U.S. warns it has ‘tools’ to deal with Iran if nuclear talks fail
The United States is “making decisions” and preparing “for a world in which there is no return” to the Iran nuclear deal, a senior State Department official said over the weekend, following last week’s disappointing negotiations over resuming the 2015 accord.
“We’ve been waiting patiently for five and a half months” since Tehran suspended talks in June, the official said. “The Iranian government said it needed time to get ready.”
“What we’ve seen over the last week or so is what getting ready meant for them . . . it meant continuing to accelerate their nuclear program in particularly provocative ways” to gain leverage in extracting unreasonable concessions far beyond the scope of the original agreement, the official said Saturday.
European and Iranian officials have said they expect to return to the negotiating table next week.
But the “date of resumption matters far less to us than if Iran is prepared to come back with a serious attitude,” the senior official said. “So far what we’ve seen . . . unfortunately suggests the opposite.”
While it has not ruled out military action, the Biden administration has emphasized that it, along with partners in Europe, has a number of what the official called “tools” to deploy if Iran refuses to come back into compliance with the agreement.
They include additional U.S. sanctions, as well as the reimposition of international sanctions that were lifted as part of the original deal. The official declined to say whether the administration would crack down harder on sanctions-violating Iranian oil exports to China, to which it has largely turned a blind eye until now.
If Iran’s nuclear advances make it “impossible to come back to the deal, then there’ll have to be other diplomatic outcomes that we’d be prepared to pursue,” said the official, who spoke in a briefing for reporters under rules of anonymity set by the State Department.

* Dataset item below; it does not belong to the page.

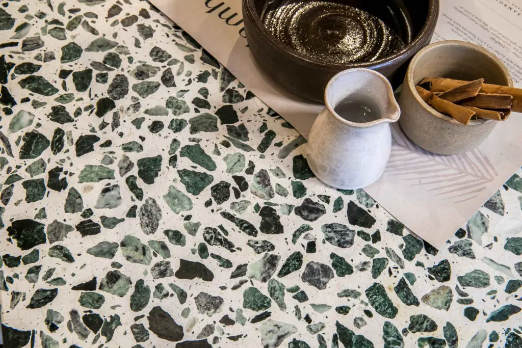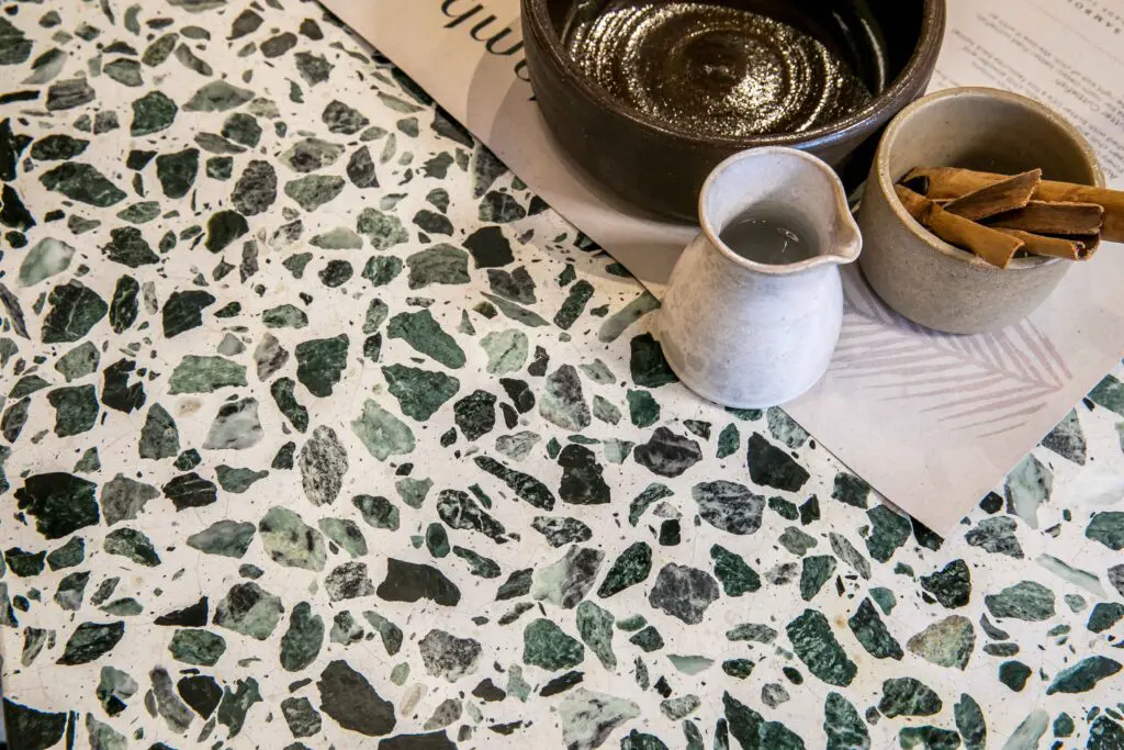 Designer Annie Harrison of Fare Inc has worked with Diespeker on previous projects and had been pleased with what we had produced. However, she hadn’t commissioned Diespeker to produce bespoke terrazzo, so this was a first for her.

“Of course . . . we will have to use other tools, tools that you could imagine, to try to increase the pressure on Iran to come back to a reasonable stance at the diplomatic table.”

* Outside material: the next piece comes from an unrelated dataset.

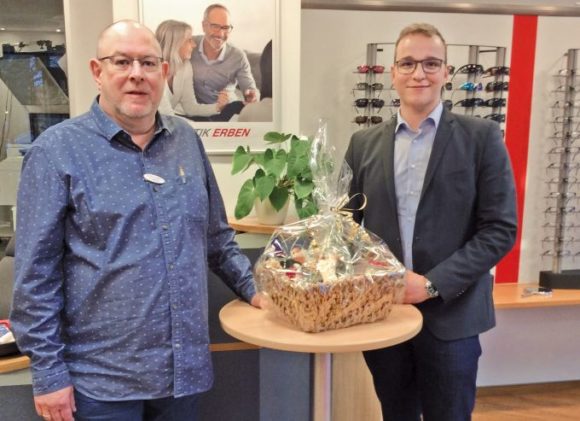 Lukas Damerow (rechts) überreicht LowVision-Berater Falko Jakobs von Optik Erben, Kiel, den Präsentkorb für die 2.000ste Versorgung im Rahmen der Kooperation mit Schweizer und Optelec

Israel, which considers a nuclear Iran an existential threat, is believed to have already conducted a number of strikes on Iranian nuclear facilities. Prime Minister Naftali Bennett said last week that President Biden should end the talks and not succumb to Tehran’s “nuclear blackmail.”
Iran has said its nuclear program is designed only for peaceful purposes. But Israel, and many nuclear experts, warn that it is increasingly close to becoming a “threshold state” that has the capability of building a nuclear weapon.
The goal of the talks is to revive the Joint Comprehensive Plan of Action, or JCPOA, signed by Iran and world powers, including Britain, France, Germany, Russia, China and the United States. It lifted sanctions that targeted Iran’s nuclear activities, in return for strict and verifiable limits on those activities.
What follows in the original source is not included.